# Excerpted data

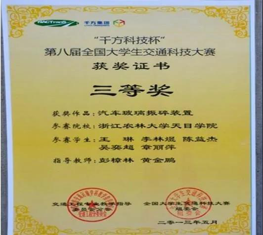 围绕开展现代汽车检测技术与电子信息化相结合的特色人才培养目标,深化校企合作,与众多企业公司联合培养汽车查勘、定损、理赔、汽车故障诊断等高级技术人员。引入汽车(二手车)评估师、汽车维修工程师等汽车行业资格认证考试,鼓励学生参加全国交通科技大赛、大学生智能汽车竞赛等大学生创新创业训练,获得全国大学生交通科技大赛三等奖和优秀奖、浙江省大学生创业设计大赛二等奖,授权专利10余项。
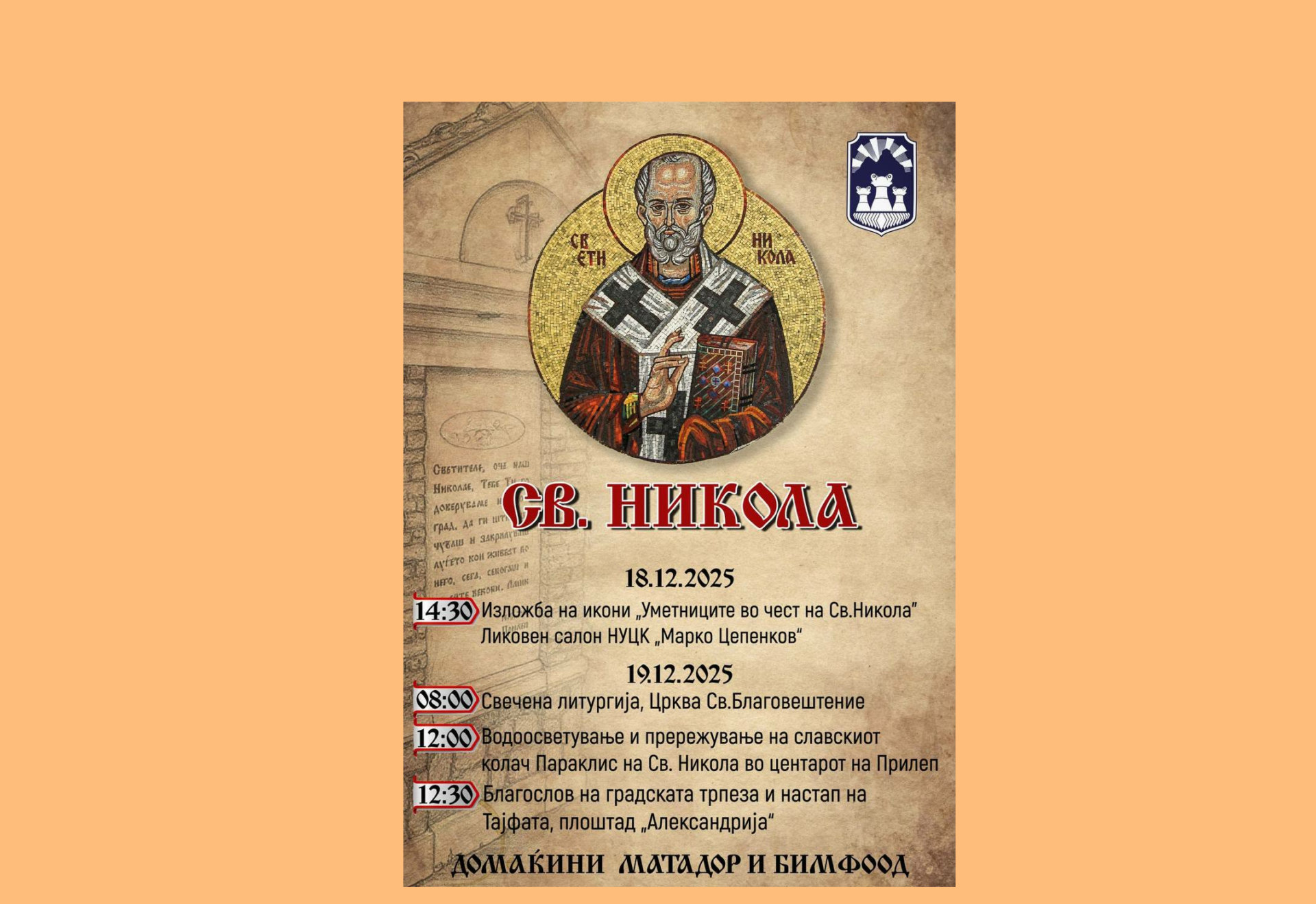 Чест и големо задоволство ми е да Ве поканам заедно да го прославиме големиот христијански празник Свети Никола, заштитникот и патрон на нашиот горд град Прилеп. Во име на домаќините на овогодинешната прослава, и во мое име, како градоначалник, Ве повикувам да бидете дел од традицијата која не обединува во духот на заедништвото, хуманоста и верата.
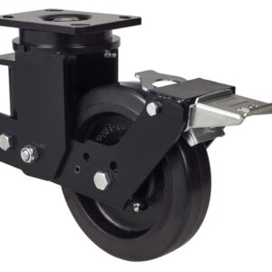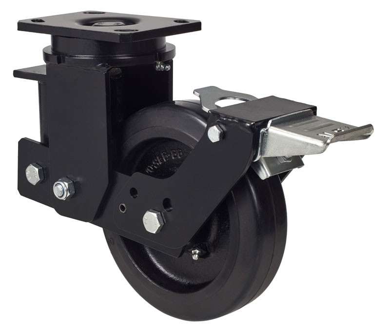 Ruedas con núcleo de acero y banda de goma negra natura. Especialmente indicada para soportar altas cargas de hasta 750 Kg. Con soporte de suspensión elástica mediante incorporación de muelle muy resistente para absorber golpes, choques y desniveles. Recorrido de suspensión hasta 25mm., ideal en suelos irregulares donde su amortiguación actúa.
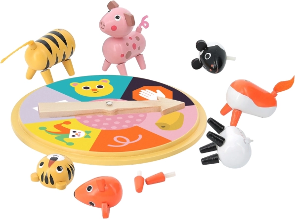 Kolo sreče prinaša v igro element sreče in napetosti, kjer vsak igralec postopoma sestavlja svojo žival glede na rezultat. Odlična dinamika za otroke!
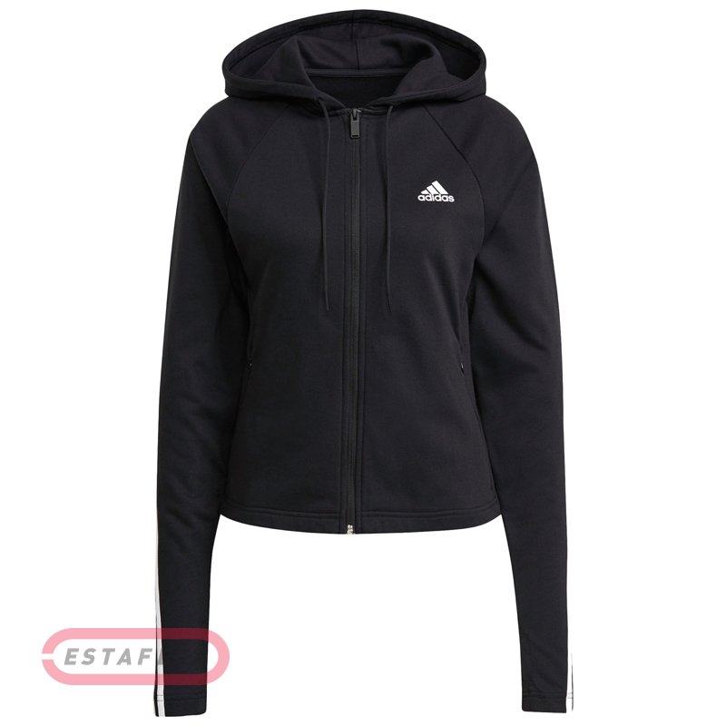 Спортивный костюм Аdidas Sli состоит из кофты на молнии и штанов. Отлично подойдет для занятий спортом, а также просто прогулок. Модель сшита из мягкого тонкого трикотажа. Кофта с капюшоном на молнии. Штаны выполнены в однотонном черном цвете с белыми полосками. Благодаря эластичному поясу они удобно сидят на теле. Трилистники на шортах и футболке подчеркивают спортивный образ.
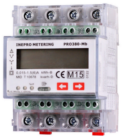 Třífázový dvousazbový elektroměr na lištu DIN, úředně ověřený s českým protokolem o ověření stanoveného měřidla, LCD, rozhraní M-Bus, rozhraní IR, 2x impulsní výstup, odběr/dodávka, 4Q měření, programovatelný, jedno/dvousazbové měření, zobrazení podrobných parametrů sítě (U,V W pro jednotlivé fáze), nepřímé měření s měřícími transformátory, funkce nastavení převodu připojených měřících traf
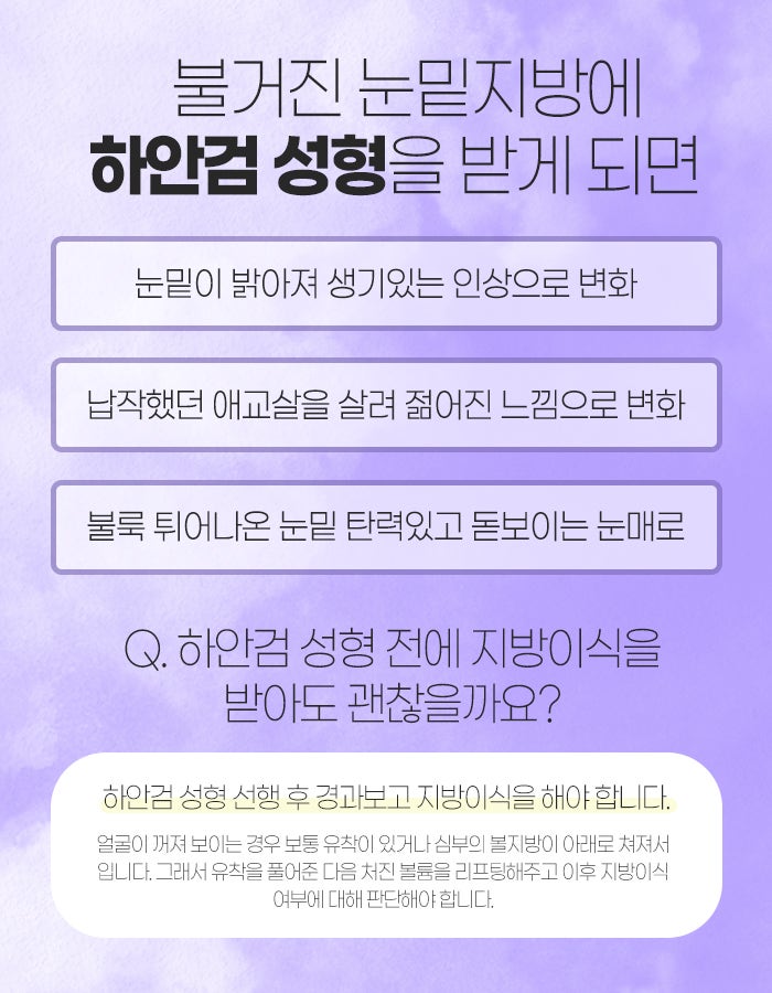 덧붙여 수술 후 애교살이 부족할 것 같아 지방이식 수술에 대해서도 알아보시는 분들이 많습니다. 그래서 이에 대해 말해보자면 하안검수술 후 지방이식을 고려하도록 해야 하는데요. 하안검수술이 유착된 조직을 풀어주어야 하는 수술인 만큼 지방이식을 먼저 받게 되면 유착된 조직을 풀어주기 어렵습니다. 그래서 좋은 결과를 기대하기 힘들기 때문입니다.
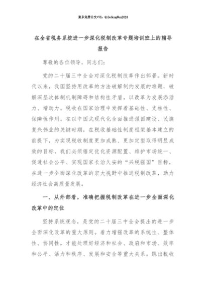 【七哥公文】2024年:在全省税务系统进一步深化税制改革专题培训班上的辅导报告+更多免费公文+VX:QiGeGongWen2024
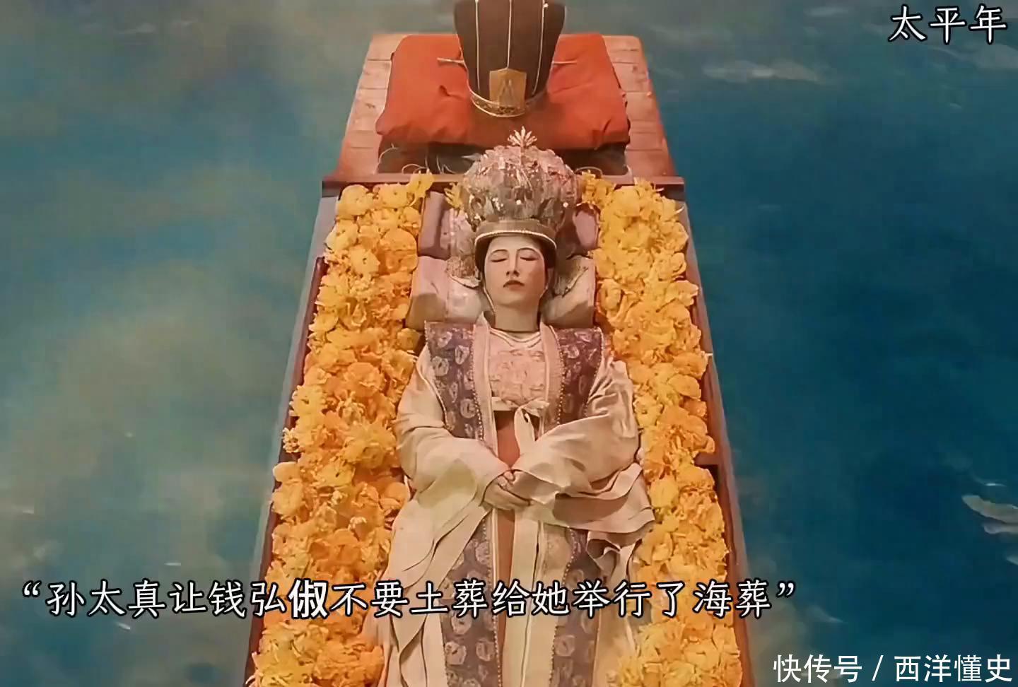 孙太真让钱弘俶不要土葬,给她举行了海葬。钱弘俶为了纪念孙太真建造雷峰塔(皇妃塔)。剧里是李元清编写了百家姓,孙氏排在了第四位。孙太真被赵匡胤封为吴越国王妃。孙太真得了肺痨,命不久矣。
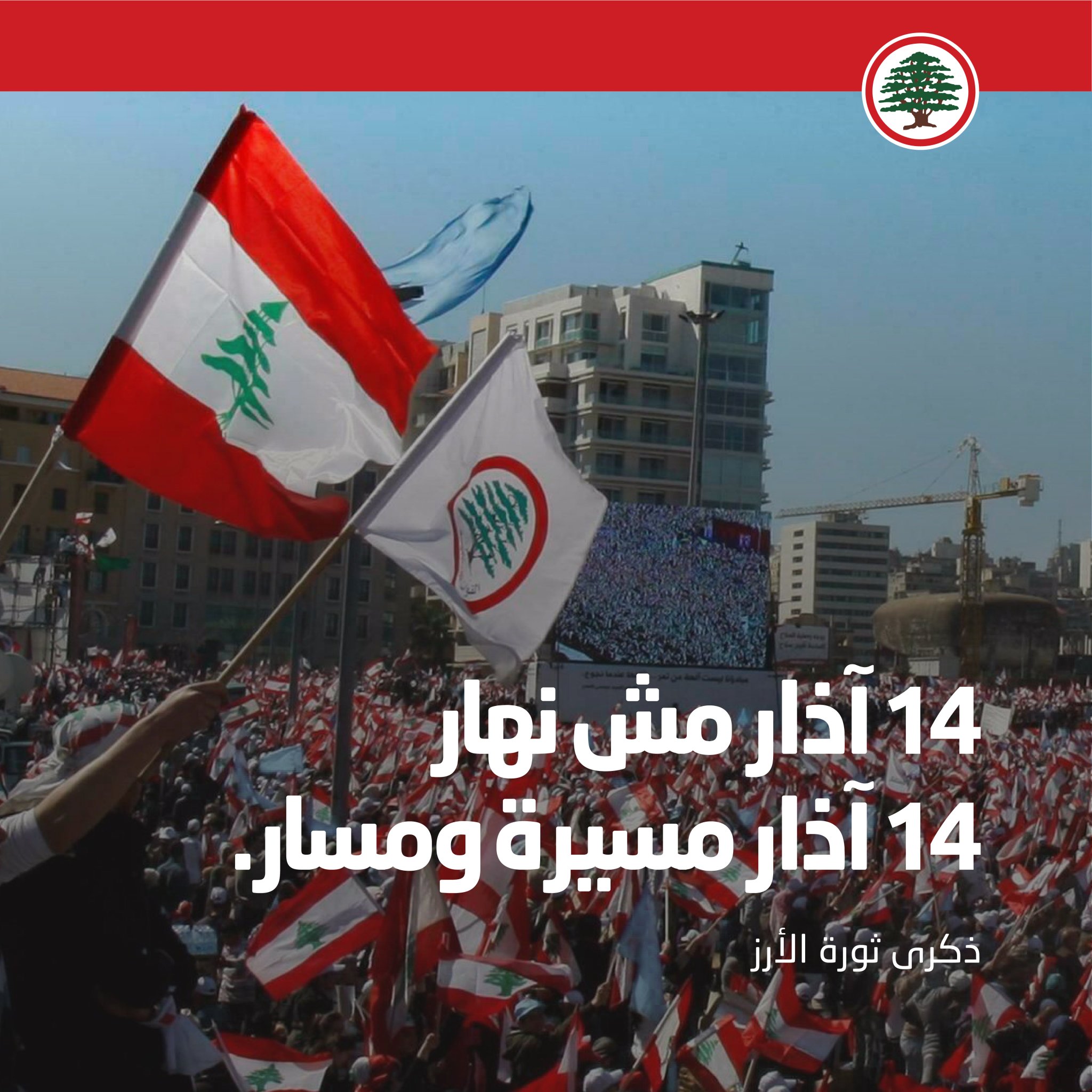 اضاف: “بين 14 اذار و14 اذار، ربيع ثاني، براعمه بدأت بالظهور رغم العواصف والرياح العاتية والرعود التي تضرب لبنان، لأن براعم هذا الربيع الثاني لا يمكن الا ان تكون مثل براعم الربيع الأول عام 2005، وتزهر في القريب العاجل املا ورجاء وتصميما وارادة صلبة من جديد، كي يقطف شعبنا ثمرة الحرية والسيادة والازدهار والانتصار على كبوته، بعد هذا الشتاء القاسي والليل الحالك والطويل. فالف تحية لـ14 آذار في ربيعها الأول وربيعها الثاني الموعود، وفي كل مرة يحتاج فيها لبنان الى ربيع جديد”.

# Directions for this task
Could you output every record above exactly as it appears, without the pictures?

# Answer to the exercise
 围绕开展现代汽车检测技术与电子信息化相结合的特色人才培养目标,深化校企合作,与众多企业公司联合培养汽车查勘、定损、理赔、汽车故障诊断等高级技术人员。引入汽车(二手车)评估师、汽车维修工程师等汽车行业资格认证考试,鼓励学生参加全国交通科技大赛、大学生智能汽车竞赛等大学生创新创业训练,获得全国大学生交通科技大赛三等奖和优秀奖、浙江省大学生创业设计大赛二等奖,授权专利10余项。
 Чест и големо задоволство ми е да Ве поканам заедно да го прославиме големиот христијански празник Свети Никола, заштитникот и патрон на нашиот горд град Прилеп. Во име на домаќините на овогодинешната прослава, и во мое име, како градоначалник, Ве повикувам да бидете дел од традицијата која не обединува во духот на заедништвото, хуманоста и верата.
 Ruedas con núcleo de acero y banda de goma negra natura. Especialmente indicada para soportar altas cargas de hasta 750 Kg. Con soporte de suspensión elástica mediante incorporación de muelle muy resistente para absorber golpes, choques y desniveles. Recorrido de suspensión hasta 25mm., ideal en suelos irregulares donde su amortiguación actúa.
 Kolo sreče prinaša v igro element sreče in napetosti, kjer vsak igralec postopoma sestavlja svojo žival glede na rezultat. Odlična dinamika za otroke!
 Спортивный костюм Аdidas Sli состоит из кофты на молнии и штанов. Отлично подойдет для занятий спортом, а также просто прогулок. Модель сшита из мягкого тонкого трикотажа. Кофта с капюшоном на молнии. Штаны выполнены в однотонном черном цвете с белыми полосками. Благодаря эластичному поясу они удобно сидят на теле. Трилистники на шортах и футболке подчеркивают спортивный образ.
 Třífázový dvousazbový elektroměr na lištu DIN, úředně ověřený s českým protokolem o ověření stanoveného měřidla, LCD, rozhraní M-Bus, rozhraní IR, 2x impulsní výstup, odběr/dodávka, 4Q měření, programovatelný, jedno/dvousazbové měření, zobrazení podrobných parametrů sítě (U,V W pro jednotlivé fáze), nepřímé měření s měřícími transformátory, funkce nastavení převodu připojených měřících traf
 덧붙여 수술 후 애교살이 부족할 것 같아 지방이식 수술에 대해서도 알아보시는 분들이 많습니다. 그래서 이에 대해 말해보자면 하안검수술 후 지방이식을 고려하도록 해야 하는데요. 하안검수술이 유착된 조직을 풀어주어야 하는 수술인 만큼 지방이식을 먼저 받게 되면 유착된 조직을 풀어주기 어렵습니다. 그래서 좋은 결과를 기대하기 힘들기 때문입니다.
 【七哥公文】2024年:在全省税务系统进一步深化税制改革专题培训班上的辅导报告+更多免费公文+VX:QiGeGongWen2024
 孙太真让钱弘俶不要土葬,给她举行了海葬。钱弘俶为了纪念孙太真建造雷峰塔(皇妃塔)。剧里是李元清编写了百家姓,孙氏排在了第四位。孙太真被赵匡胤封为吴越国王妃。孙太真得了肺痨,命不久矣。
 اضاف: “بين 14 اذار و14 اذار، ربيع ثاني، براعمه بدأت بالظهور رغم العواصف والرياح العاتية والرعود التي تضرب لبنان، لأن براعم هذا الربيع الثاني لا يمكن الا ان تكون مثل براعم الربيع الأول عام 2005، وتزهر في القريب العاجل املا ورجاء وتصميما وارادة صلبة من جديد، كي يقطف شعبنا ثمرة الحرية والسيادة والازدهار والانتصار على كبوته، بعد هذا الشتاء القاسي والليل الحالك والطويل. فالف تحية لـ14 آذار في ربيعها الأول وربيعها الثاني الموعود، وفي كل مرة يحتاج فيها لبنان الى ربيع جديد”.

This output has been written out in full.